== Requirement ==
Word for word, retype the lines from the one containing "Bengkulu, Siberindo.co –" to the one containing "как видно при" below, keeping both end lines and dropping the pictures.

*** Recorded data ***

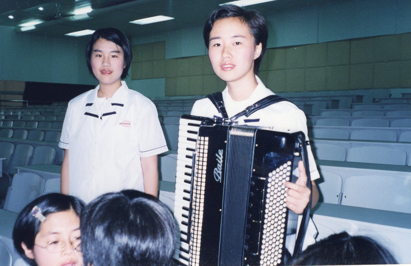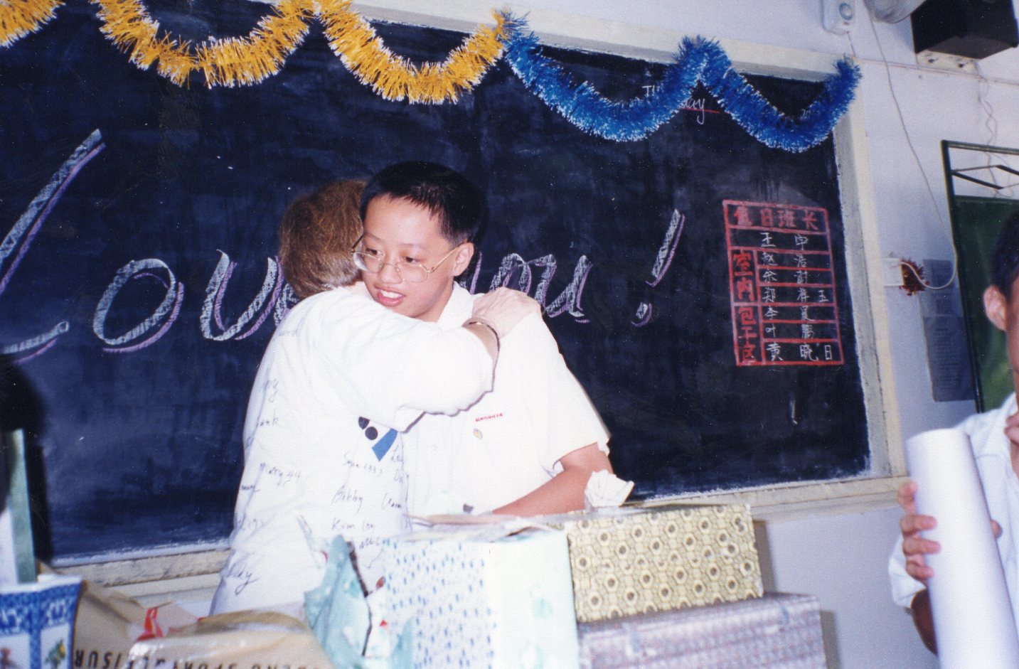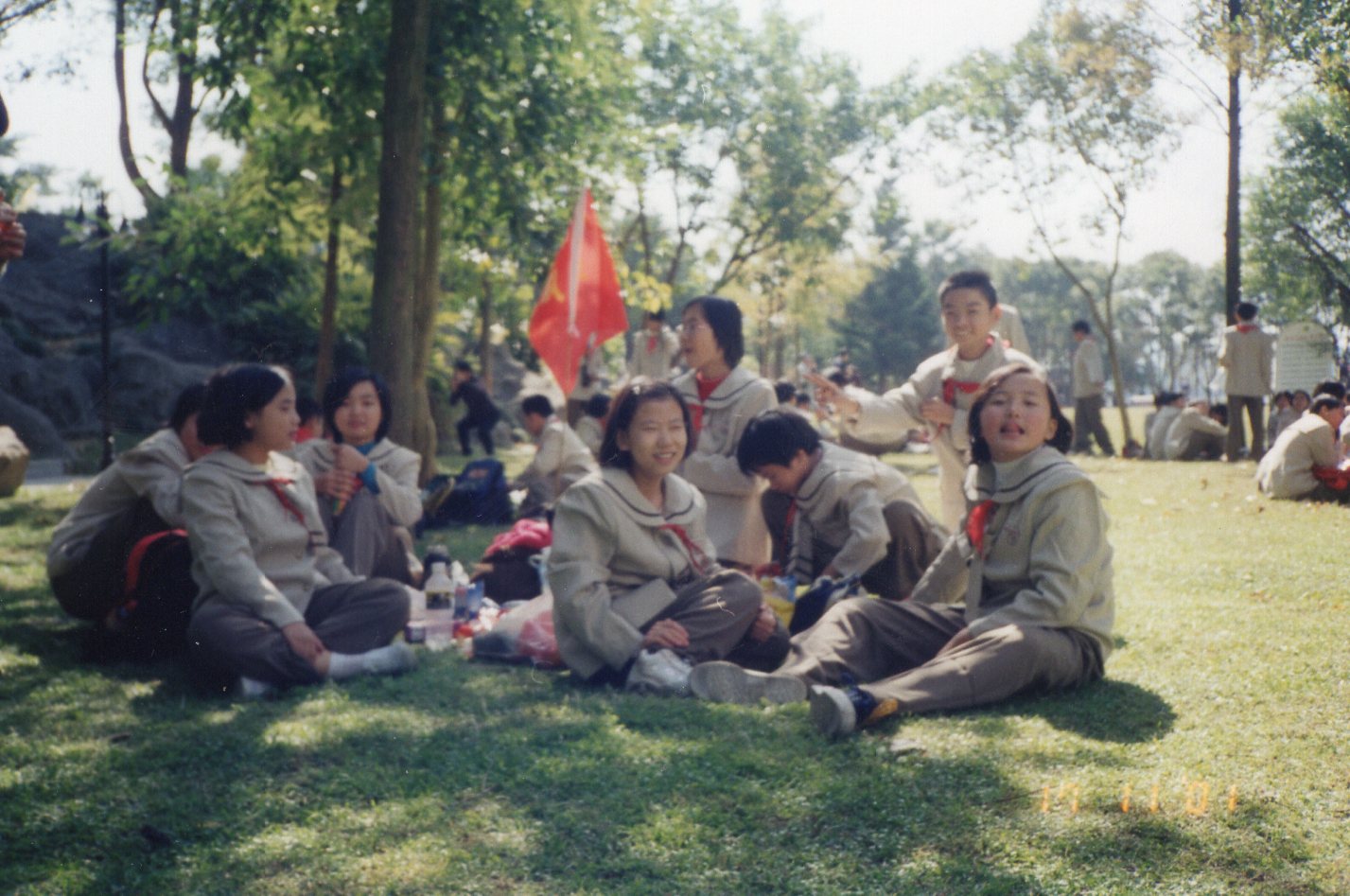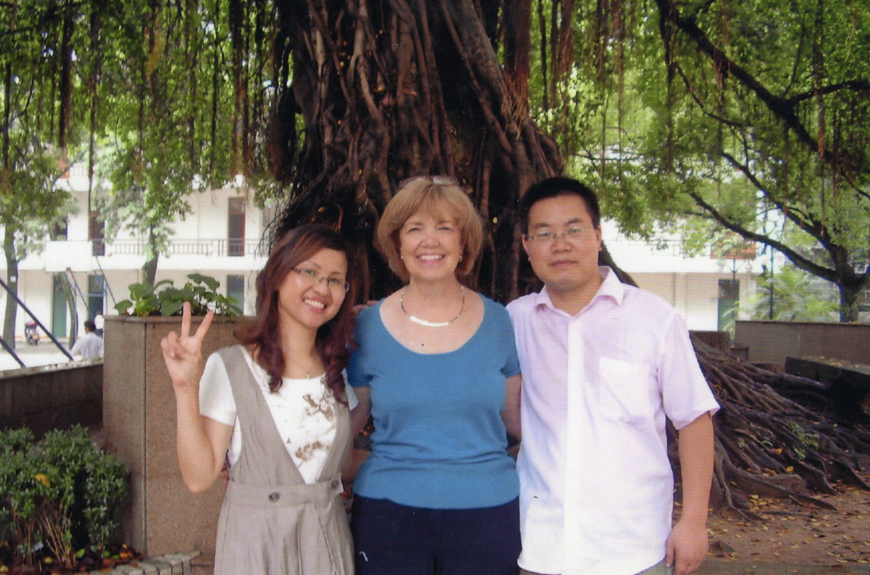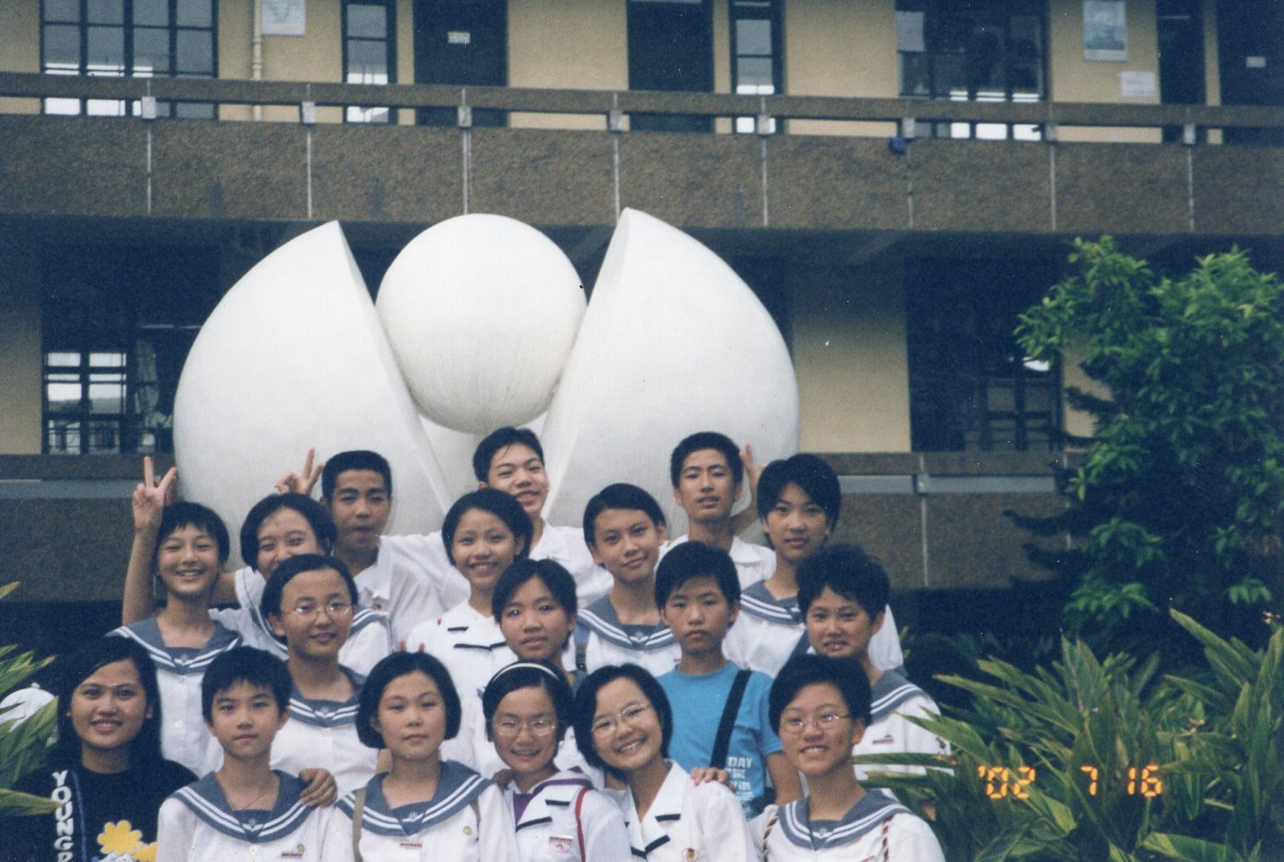 Photos from Jo Ann's time teaching at the Fuzhou Foreign Languages School in Fuzhou, China (2001–2002)—the school's first native English-speaking American teacher, known there as Miss Jones. The gallery includes the First Foreign Language Festival (December 2001), with Miss Fang's all-school celebration: songs, dances, and the O. Henry play The Policeman and the Anthem, performed by her spoken-English class at a packed local cinema.
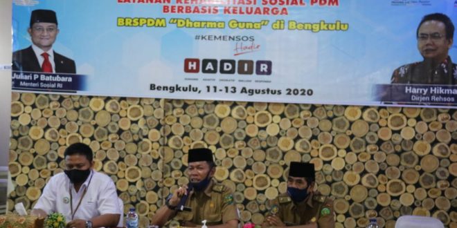 Bengkulu, Siberindo.co – Pemerintah Kota (Pemkot) Bengkulu melalui Dinas Sosial bersama Balai Rehabilitasi Sosial Penyandang Disabilitas Mental Dharma Guna menggelar sosialisasi program bimtek dan intervensi layanan rehabilitasi sosial PDM berbasis keluarga. Kegiatan ini digelar di Aula rumah makan ayam bakar bekakak, Selasa (11/8/2020).
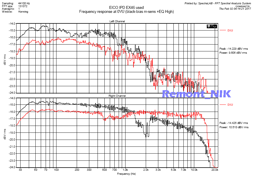 как видно при калибровке по критерию равенства отдачи 400 и 10кГц (на графиках отрисована - цветной линией), полоса 13кГц по 160nWb и спаду -0дБ - легко. Это плюс. Обычные хромы без металлических присадок, так не могут. Даже лучшие двуслойные хромы АXIA дают полосу до 12кГц (-0.6дБ), остальные хромы разных марок, еще хуже в этом плане. Минусы - при плоской АЧХ записи, перегрузочная способность как у СаундБриза: +1.2дБ@250nWb если откалиброваться по максимуму чувствительности (черная линия), АЧХ сильно заваливается на ВЧ (нужен дополнительная подьем "+2.5.. +3дБ" что бы компенсировать завал), но при этом MOL315 вырастает до серьезной величины +5дБ@250nWb
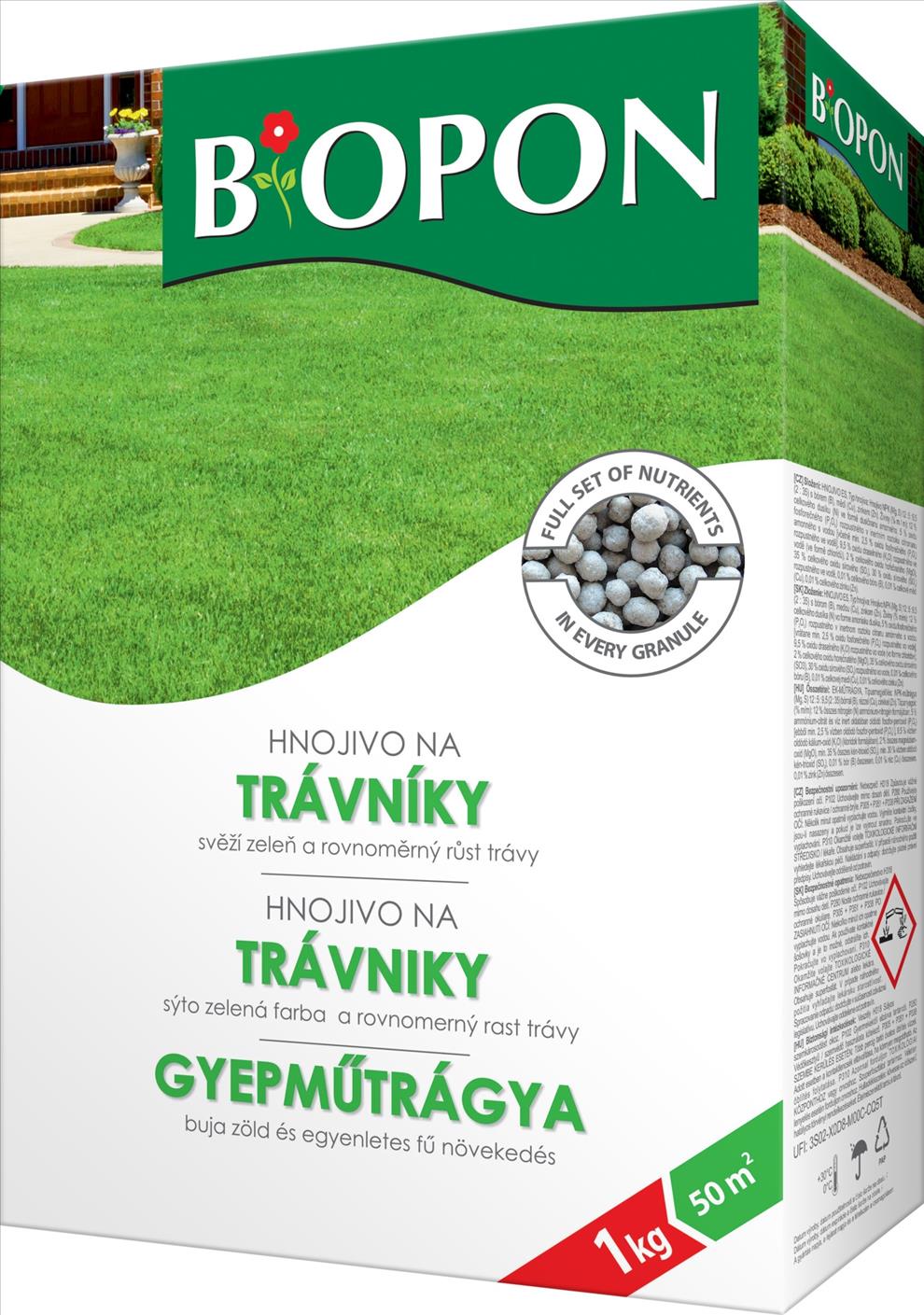 Jediným způsobem, jak vypěstovat zelený a hustý trávník, je jeho pravidelné ošetřování. Časté sečení přispívá k houstnutí drnů, ale tráva při svém intenzivním růstu rychle spotřebovává složky obsažené v půdě. Používáním BOPONU na trávníky obohacujeme půdu nejdůležitějšími výživnými složkami. Trávník díky tomu nezarůstá plevelem, snižuje se počet prázdných míst a intenzita výskytu mechu. Při zakládání nového trávníku stimuluje jeho růst. Bujně rostoucí trávu sečte nejméně jednou týdně.

*** End of Recorded data ***

== Exercise response ==
 Bengkulu, Siberindo.co – Pemerintah Kota (Pemkot) Bengkulu melalui Dinas Sosial bersama Balai Rehabilitasi Sosial Penyandang Disabilitas Mental Dharma Guna menggelar sosialisasi program bimtek dan intervensi layanan rehabilitasi sosial PDM berbasis keluarga. Kegiatan ini digelar di Aula rumah makan ayam bakar bekakak, Selasa (11/8/2020).
 как видно при калибровке по критерию равенства отдачи 400 и 10кГц (на графиках отрисована - цветной линией), полоса 13кГц по 160nWb и спаду -0дБ - легко. Это плюс. Обычные хромы без металлических присадок, так не могут. Даже лучшие двуслойные хромы АXIA дают полосу до 12кГц (-0.6дБ), остальные хромы разных марок, еще хуже в этом плане. Минусы - при плоской АЧХ записи, перегрузочная способность как у СаундБриза: +1.2дБ@250nWb если откалиброваться по максимуму чувствительности (черная линия), АЧХ сильно заваливается на ВЧ (нужен дополнительная подьем "+2.5.. +3дБ" что бы компенсировать завал), но при этом MOL315 вырастает до серьезной величины +5дБ@250nWb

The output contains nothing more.